Recognizing Suicidal Thoughts

Recognizing Suicidal Thoughts


Suicide, the act of taking ones own life, is an all-too-common and tragic public health crisis nowadays, often committed to cope with intense emotional pain. Suicide is particularly tragic because it is a preventable death and leaves behind many loved ones and family members, also known as "suicide survivors", who have to suffer this terrible loss.

Suicidal ideation or suicidal thinking is much more common than most people have – in fact, most people have thought about suicide at one point or another. These thoughts are quite troubling, especially as they are usually accompanied by a mental illness such as depression or bipolar disorder.

It is critical to know how to recognize and identify signs that a person may be considering suicide.

  • Contemplating suicide may change their actions or mood, such as speaking or moving at a sudden speed or slow pace.
  • Thoughts of Life is not worth living.
  • Prepare or say they want to hurt or kill himself/herself, or someone else.
  • Talk, write, read, or draw about death, including writing suicide notes and talking about things that can cause physical harm, such as pills, guns, or knives.
  • Drinking more alcohol or use drugs, including prescription drugs.
  • When do not want to see people any longer and you want to be alone a lot.
  • Do not take care of themselves or follow medical advice.
  • Give away their stuff and/or hurry to complete the will.
  • Experiencing depression, panic attacks, impaired concentration
  • Increased isolation, talking about being a burden to others.
  • Knowing, identifying, or being associated with someone who has committed suicide.

Note: Warning signs are not always apparent and can differ from person to individual. Many people are straightforward about their thoughts, while others can hide about suicidal thinking and feelings.


The National Institute for Mental Health (NIMH) suggests the following tips for helping someone who may be going through a crisis:

  • Asking them if they are thinking about suicide.
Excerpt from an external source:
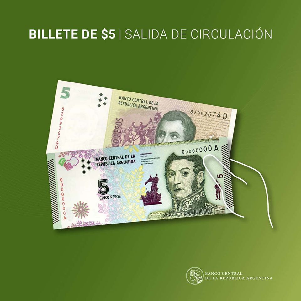 Al tratarse del billete de menor denominación, el papel de 5 pesos sufre un deterioro más veloz que el resto de los billetes. Actualmente circulan 459,6 millones de unidades de este billete con la imagen del General José de San Martín en su anverso, que se emitió a partir de 1998. Desde el 1° de agosto de 2019, ya se retiraron de circulación más de 50 millones de billetes.
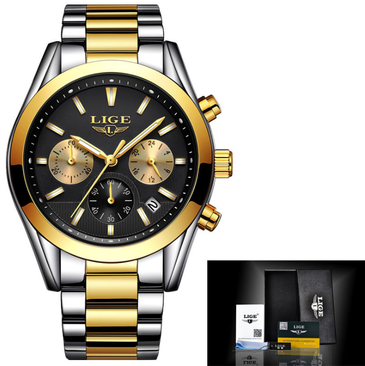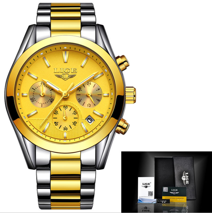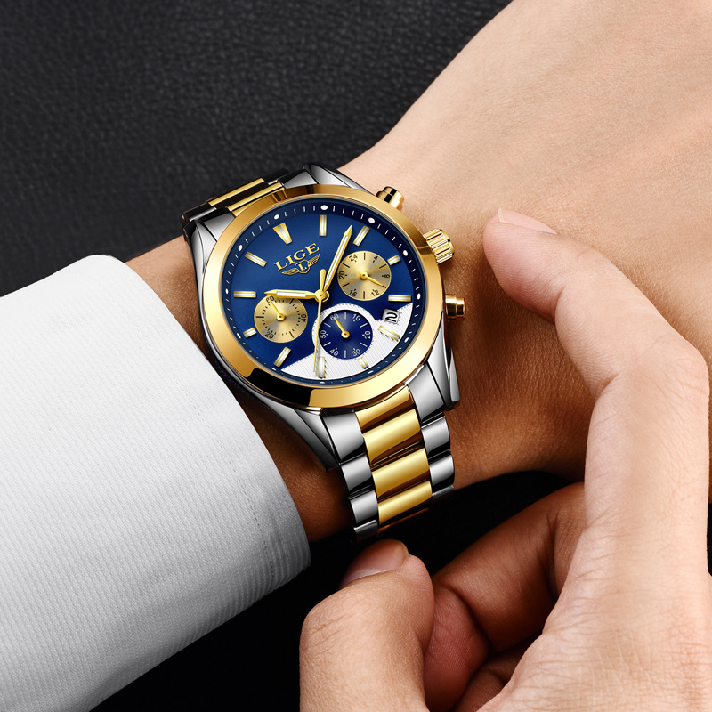 Brand Model LG9872 Applicable people, male style, fashion, patent source, no Waterproof, waterproof, 30M, movement type, quartz Movement brand Domestic Mirror material Mineral reinforced glass mirror Case material Alloy Item No. LG9872 Color LG9872A Gold Blue, LG9872B Gold Black, LG9872C Full Yellow, LG9872D Gold White, LG9872E Silver Blue, LG9872F Silver Black, LG9872G Silver White

Studies show that asking does not increase the risk.
  • Keeping them safe by staying around and removing means of committing suicide, such as knives, where possible.
  • Listening to them and being there for them.
  • Encouraging them to call a helpline or contacting someone the individual might turn to for support, for example, a friend, family member, or spiritual mentor or therapist
  • Following up with them after the crisis has passed, as this appears to reduce the risk of a recurrence.
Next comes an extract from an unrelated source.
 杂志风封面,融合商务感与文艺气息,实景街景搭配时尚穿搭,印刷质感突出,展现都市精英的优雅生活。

If you are thinking about suicide or you know someone who feels suicidal, some suicidal people do not display such symptoms and some warning signs may not be apparent people who feel suicidal can try to hide or say they are all right, learn signs about suicide alert and get treatment and support.

We are not a medical service or suicide prevention helpline. If you are feeling suicidal, we suggest you immediately call a suicide prevention helpline - e.g. Vandrevala Foundation Helpline - 1 860 266 2345 (24x7), Aasra - +91 22 2754 6669 (24x7).